2.3.1.2.1. Peripheral region

Cache is highly recommended for external memories which are affected by long access time, while internal on-chip memories may be excluded due to their short access time. You must not cache any embedded peripheral IPs, such as UART, I2C, and SPI, except for memories. Caching an embedded peripheral can lead to issues due to potential anomalies:
  1. Delayed/Missed Writes - When the processor writes a command to a peripheral's memory address, the data might only be updated in the cache, not the actual physical register of the peripheral itself.
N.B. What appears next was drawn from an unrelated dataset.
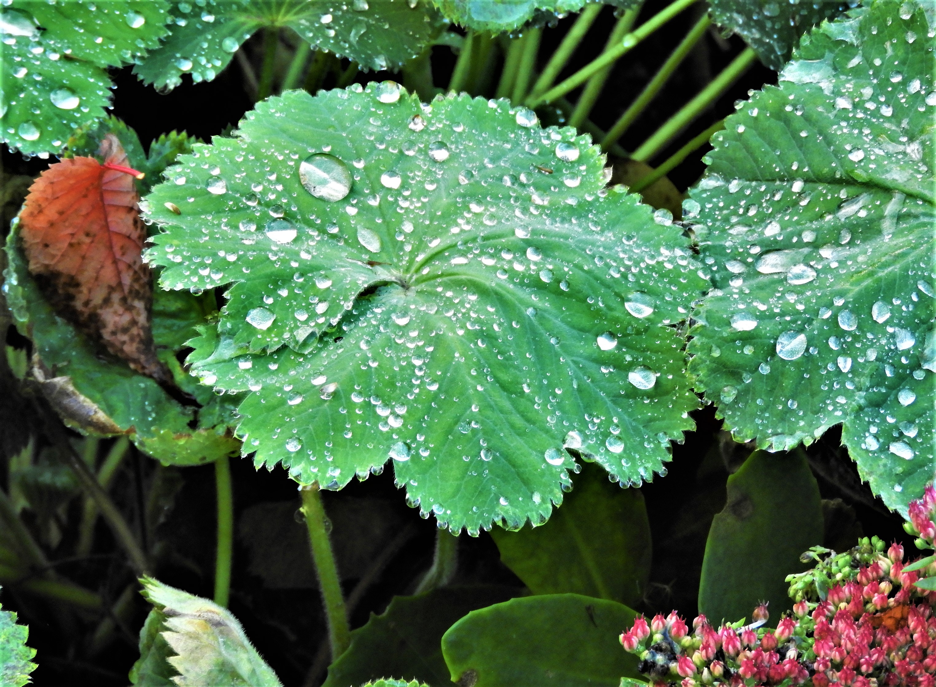 Jag går runt gräsmattan i parken, daggkåporna har dagg överallt utom  i bladtratten.

The peripheral holds the old value, therefor, the command is never executed.
  2. Stale Reads - When the processor reads a status register from a peripheral (e.g., to check if a task is complete or a sensor value), the cache might return a previously cached, stale value instead of fetching the fresh data from the physical register.
  3. Cache Coherency Issues (with DMA) - Direct Memory Access (DMA) controllers move data directly to or from main memory, bypassing the cache. If the processor tries to access that data from a cached memory location, it could read an outdated copy from its cache, not the new data the DMA controller just wrote to RAM.

In summary, the memory-mapped region of embedded peripheral IPs is uncacheable and must reside within the processor’s peripheral regions.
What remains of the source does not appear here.